Posts Tagged ‘Immaculate’

IMMACULATE: 3 ½ STARS. “switches from meek and mild to extreme and wild.”

Done correctly, religious horror, no matter the denomination, can provide the most potent form of terror. Rooted in our prima fears, of good versus evil, of the afterlife and the absence of faith, it preys upon our most basic beliefs to scare the hell out of us.

Unfortunately, although set in a convent, “Immaculate,” a new film starring Sydney Sweeney, and now playing in theaters, is more b-movie exploitation than religious horror.

The film sets the stage with a creepy prologue of a young woman’s desperate attempt to escape from a nunnery, only to be held back and meet a terrible fate.
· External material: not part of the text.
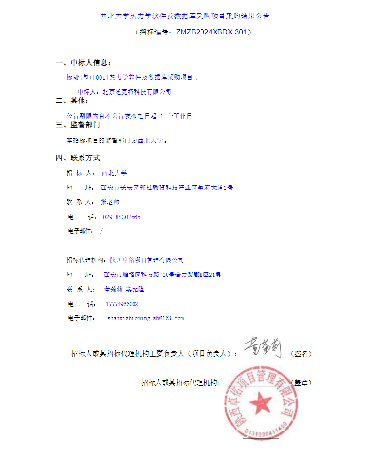 星空app官网热力学软件及数据库采购项目采购结果公告

Turns out, the convent is like the Hotel California, “You can check-out any time you like, but you can never leave!”

The horrific opening fades into the story of the Michigan born-and-raised Sister Cecilia (Sydney Sweeney). As a child, she survived a near death experience that imbuing her with faith that pointed her toward a life of service in the name of God. “God saved me for a reason,” she says. “But I’m still searching for what that reason is.”

As an adult novitiate nun, her American parish is shuttered for poor attendance and she is relocated to a convent tucked away in the Italian countryside. “I will carry myself with grace,” she says, “because I want nothing more than to be here.” Built in 1632 as a transition home for elder sisters on the fast track to heaven, it is a maze of dimly lit corridors, creaky floors and gothic architecture.

“Suffering is love,” she is told by way of welcome from the Mother Superior (Dora Romano).

After a rocky start, it’s revealed that she is pregnant, despite being a virgin. “How long until they start calling you Mary?” asks the edgy Sister Isabel (Giulia Heathfield Di Renzi). Convinced she is carrying the second coming of Christ, the nuns who once treated her with disdain, now regard her as a miracle.

For Cecilia, however, the situation is anything but miraculous. “Out of all the women in the world,” she asks, “why did He choose me?”

“Immaculate” has the look of a religious horror film, from the convent to the iconography and the stern-faced nuns but underneath its sacred façade is a button-pushing exploitation movie dressed up in a nun’s habit.

Director Michael Mohan starts things off slowly, hanging the horror on jump scares and odd imagery. Mysterious red-faced nuns appear, sowing some sacrilegious shocks, and loud sounds startle from time to time, but despite some icky fingernail trauma and branding, it isn’t until the third act that all hell breaks loose.

Sweet Sister Cecilia, pregnant and finally aware that she is in danger, finally flips the switch from meek and mild to extreme and wild. Her attempts to survive shed all pretences of piety to fully submerge the movie in a blood-soaked climax that is as disturbing as it is memorable. The extreme nature of the final moments showcases Sweeney’s ability to hold the screen, but make absolutely no sense in terms of the character. As an answer to reclaiming her bodily autonomy her behaviour makes some sort of horror movie logic, but her sudden personality shift is so jarring, it’s as if her evil twin suddenly enters the picture and takes over.

At a fast-paced 90 minutes of nunsploitation, “Immaculate” rips along, but only really delivers what fans want in its final, barmy moments.